マネージャーの桶場さんから「1月8日、姿勢正堂案件配信。自宅での配信も可能です。彼氏さんの家でするならそれも可能です。とにかくライブでの話題性を活かし売り上げにつなげたいとのご意向です」という文章が送られていた。
私は確認して親に「明日配信するし、彼氏呼ぶから奏音と出かけといて。5時ぐらいには終わると思う」と送り、マネージャーに「承知いたしました。自宅で配信しようと思います」と返信する。母からは「了解」と来た。
「ねぇ、優斗。明日家で配信するんだけど、片付け無いといけないの。どうしよう」
「片付ければいいんじゃない?」
ちっげぇよ。気付けよ。
「ホントはあなたを呼びたいけど、予定会うかわからないし、あと汚い部屋だと幻滅しちゃうかな?でも一緒に時を過ごしたい」という乙女心に気付いてよ。あ、よく考えたら無理だわ。知ってる。優斗ってこういう人だから。

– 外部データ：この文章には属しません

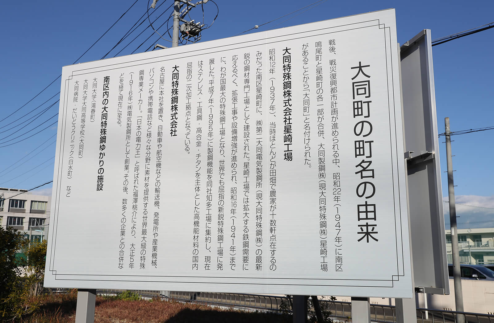 名古屋市南区に1937年に開設された星崎工場。ここではステンレス鋼、工具鋼、チタン・ターゲット材などの高機能材料を生産しています。敷地内には研究開発の拠点・技術開発研究所もあり、特殊鋼をベースにした高い技術力を背景に新製品・新事業の拡大および既存事業の基盤強化に向けた研究活動を行っています。

黙ってる私の様子を怪訝そうに見つめながら、「どうした?」と聞いて来た。私は「え、あ、うん。なんでもないの。でも、刻一刻と離れる運命に近付いているようで、なんか寂しいなって」と儚げな笑顔を浮かべる。
「ロマンチックかよ」
「そうだね。私たちが生きられるのって今しかないもんね。帰ろっか」
そういって車を出す。久しぶりのマイカーに「ただいま」と心の中で唱える。私の方が疲れているのに横で寝息を立てている優斗に少しだけ腹が立ったけど、信号で止まったときの寝顔が愛おしくて、優斗の家に着くまで寝かせてあげようと思った。
「優斗、着いたよ」
「ああ、悪い。疲れてるだろうに」
「大丈夫。ありがとう。色々」
「それを言うならこっちだろうよ。ありがとう」
長旅だったけど、楽しかった。この後、帰ってめちゃくちゃ昼寝した。